Instructions for the task → Since the listing below shows pictures, leave them out and write out exactly the lines from the line with "NUSAN.ID – Polres" to the line with "From Hartsel, head", both included, and no others.

Material for this task →
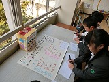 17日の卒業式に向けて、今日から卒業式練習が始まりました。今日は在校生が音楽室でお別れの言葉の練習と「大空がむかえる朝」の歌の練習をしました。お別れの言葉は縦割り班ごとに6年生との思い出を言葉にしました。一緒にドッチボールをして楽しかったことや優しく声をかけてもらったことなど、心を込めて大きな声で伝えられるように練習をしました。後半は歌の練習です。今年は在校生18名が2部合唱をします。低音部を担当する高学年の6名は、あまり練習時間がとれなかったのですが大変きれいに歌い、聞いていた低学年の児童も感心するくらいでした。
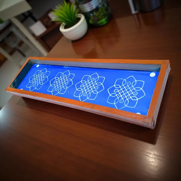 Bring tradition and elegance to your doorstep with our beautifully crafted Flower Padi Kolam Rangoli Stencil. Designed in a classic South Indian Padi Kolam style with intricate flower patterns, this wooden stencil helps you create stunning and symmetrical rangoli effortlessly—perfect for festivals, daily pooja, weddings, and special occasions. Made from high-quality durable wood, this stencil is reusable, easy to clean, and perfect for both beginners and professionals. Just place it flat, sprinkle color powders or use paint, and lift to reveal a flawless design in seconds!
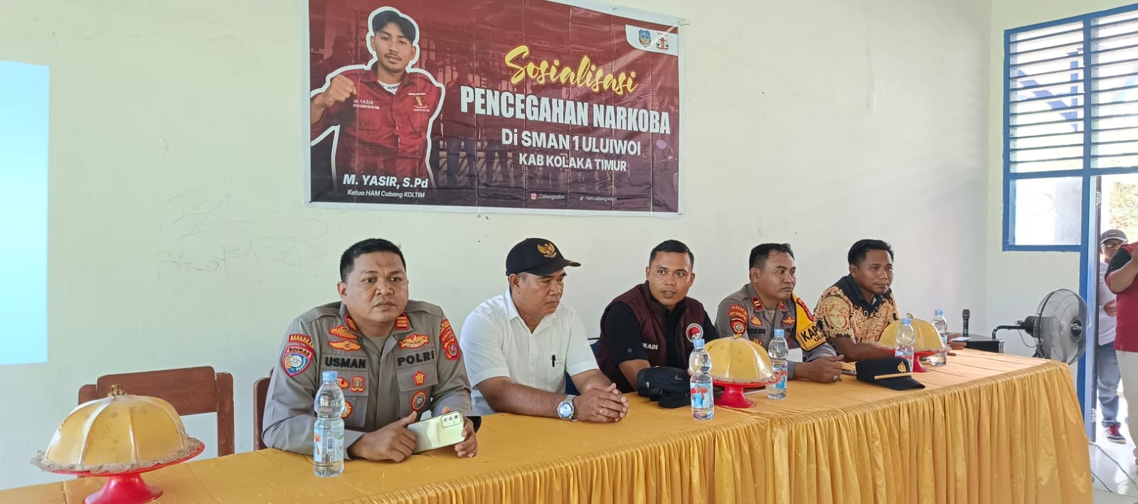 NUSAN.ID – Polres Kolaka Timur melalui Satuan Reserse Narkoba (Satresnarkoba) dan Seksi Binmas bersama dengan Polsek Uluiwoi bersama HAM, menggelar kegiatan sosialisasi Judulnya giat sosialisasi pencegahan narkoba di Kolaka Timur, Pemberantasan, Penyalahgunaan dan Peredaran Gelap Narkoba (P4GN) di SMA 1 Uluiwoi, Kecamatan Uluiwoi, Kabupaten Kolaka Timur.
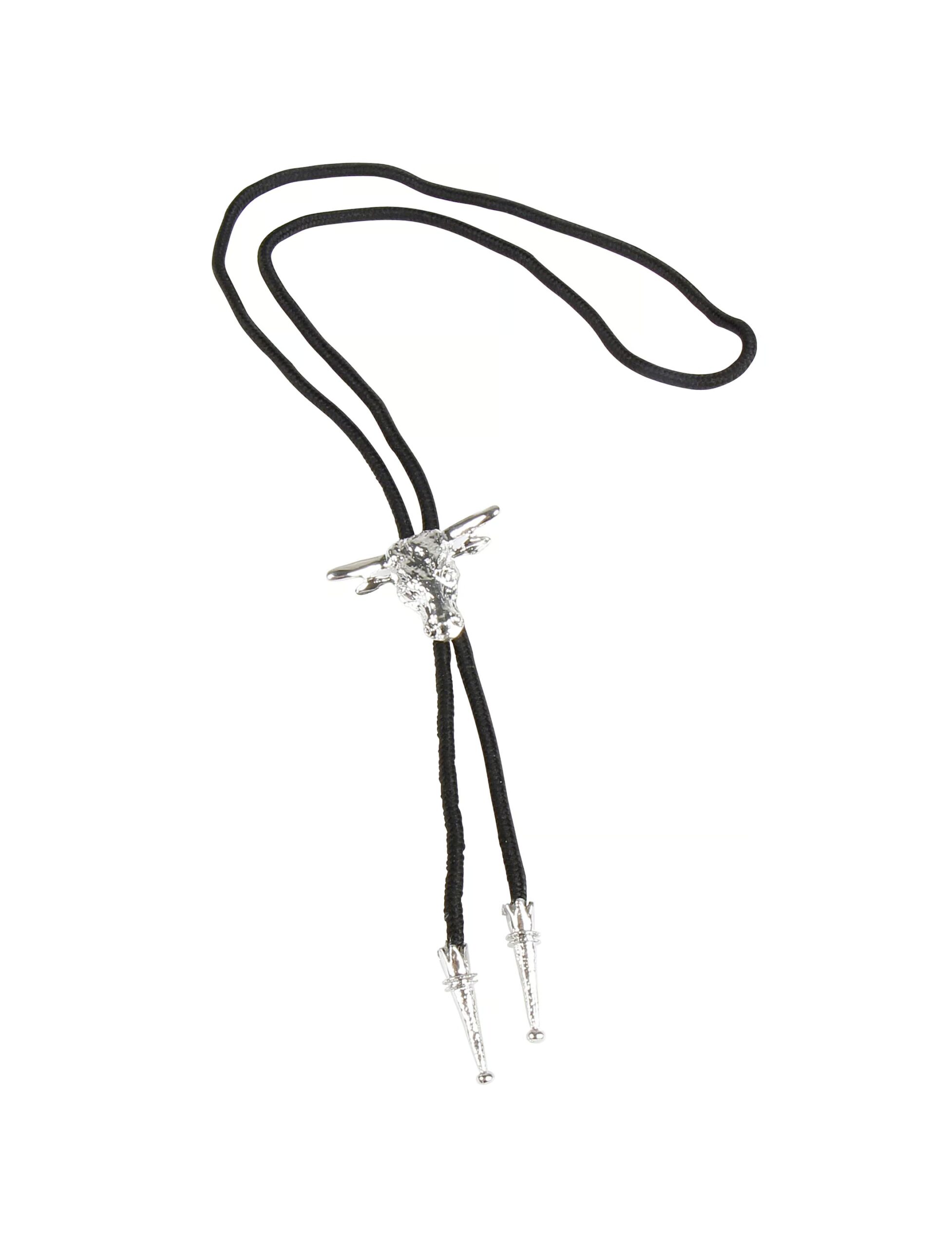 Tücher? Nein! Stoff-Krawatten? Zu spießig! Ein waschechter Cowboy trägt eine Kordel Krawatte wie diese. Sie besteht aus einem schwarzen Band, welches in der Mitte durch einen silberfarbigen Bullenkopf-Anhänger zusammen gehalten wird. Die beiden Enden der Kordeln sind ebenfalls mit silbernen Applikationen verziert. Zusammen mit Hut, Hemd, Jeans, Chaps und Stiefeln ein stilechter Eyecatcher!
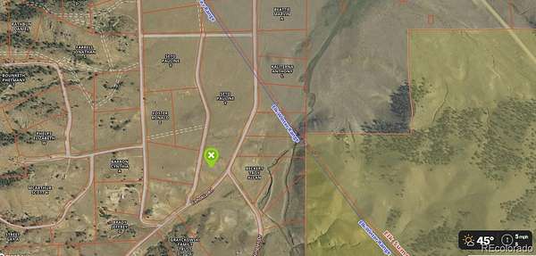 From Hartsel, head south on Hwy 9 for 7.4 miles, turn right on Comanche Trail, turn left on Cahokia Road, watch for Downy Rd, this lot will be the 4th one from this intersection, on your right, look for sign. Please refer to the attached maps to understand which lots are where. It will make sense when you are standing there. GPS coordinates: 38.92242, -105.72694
--
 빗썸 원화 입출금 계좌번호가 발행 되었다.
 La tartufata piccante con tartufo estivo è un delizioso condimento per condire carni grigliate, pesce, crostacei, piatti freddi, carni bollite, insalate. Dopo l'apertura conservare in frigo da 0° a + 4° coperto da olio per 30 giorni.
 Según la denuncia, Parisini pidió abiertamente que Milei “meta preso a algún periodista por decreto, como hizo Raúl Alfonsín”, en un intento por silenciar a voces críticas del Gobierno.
* * *
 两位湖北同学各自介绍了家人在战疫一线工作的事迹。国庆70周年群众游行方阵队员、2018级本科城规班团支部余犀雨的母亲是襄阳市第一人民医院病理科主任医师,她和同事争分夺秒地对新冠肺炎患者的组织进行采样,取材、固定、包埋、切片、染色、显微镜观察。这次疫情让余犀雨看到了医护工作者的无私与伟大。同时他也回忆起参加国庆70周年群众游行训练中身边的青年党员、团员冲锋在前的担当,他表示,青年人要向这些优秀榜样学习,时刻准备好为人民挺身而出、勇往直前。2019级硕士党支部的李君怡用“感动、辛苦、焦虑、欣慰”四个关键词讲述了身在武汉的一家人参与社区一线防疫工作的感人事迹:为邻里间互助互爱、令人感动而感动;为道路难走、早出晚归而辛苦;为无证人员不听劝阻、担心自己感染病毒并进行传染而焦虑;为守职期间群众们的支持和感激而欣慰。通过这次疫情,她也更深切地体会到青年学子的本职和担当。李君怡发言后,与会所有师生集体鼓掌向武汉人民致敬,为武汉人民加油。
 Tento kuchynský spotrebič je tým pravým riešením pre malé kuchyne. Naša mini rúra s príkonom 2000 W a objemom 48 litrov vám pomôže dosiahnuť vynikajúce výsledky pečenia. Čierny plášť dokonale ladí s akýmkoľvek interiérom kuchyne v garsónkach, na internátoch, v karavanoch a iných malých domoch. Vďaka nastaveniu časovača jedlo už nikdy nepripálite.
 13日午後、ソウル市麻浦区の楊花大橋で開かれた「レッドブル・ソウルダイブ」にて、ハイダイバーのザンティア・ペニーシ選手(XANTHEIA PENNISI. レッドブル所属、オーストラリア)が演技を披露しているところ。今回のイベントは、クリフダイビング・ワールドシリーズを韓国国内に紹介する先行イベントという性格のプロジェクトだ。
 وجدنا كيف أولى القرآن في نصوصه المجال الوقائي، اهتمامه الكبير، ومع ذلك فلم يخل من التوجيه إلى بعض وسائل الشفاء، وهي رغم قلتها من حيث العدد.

Written answer →
 NUSAN.ID – Polres Kolaka Timur melalui Satuan Reserse Narkoba (Satresnarkoba) dan Seksi Binmas bersama dengan Polsek Uluiwoi bersama HAM, menggelar kegiatan sosialisasi Judulnya giat sosialisasi pencegahan narkoba di Kolaka Timur, Pemberantasan, Penyalahgunaan dan Peredaran Gelap Narkoba (P4GN) di SMA 1 Uluiwoi, Kecamatan Uluiwoi, Kabupaten Kolaka Timur.
 Tücher? Nein! Stoff-Krawatten? Zu spießig! Ein waschechter Cowboy trägt eine Kordel Krawatte wie diese. Sie besteht aus einem schwarzen Band, welches in der Mitte durch einen silberfarbigen Bullenkopf-Anhänger zusammen gehalten wird. Die beiden Enden der Kordeln sind ebenfalls mit silbernen Applikationen verziert. Zusammen mit Hut, Hemd, Jeans, Chaps und Stiefeln ein stilechter Eyecatcher!
 From Hartsel, head south on Hwy 9 for 7.4 miles, turn right on Comanche Trail, turn left on Cahokia Road, watch for Downy Rd, this lot will be the 4th one from this intersection, on your right, look for sign. Please refer to the attached maps to understand which lots are where. It will make sense when you are standing there. GPS coordinates: 38.92242, -105.72694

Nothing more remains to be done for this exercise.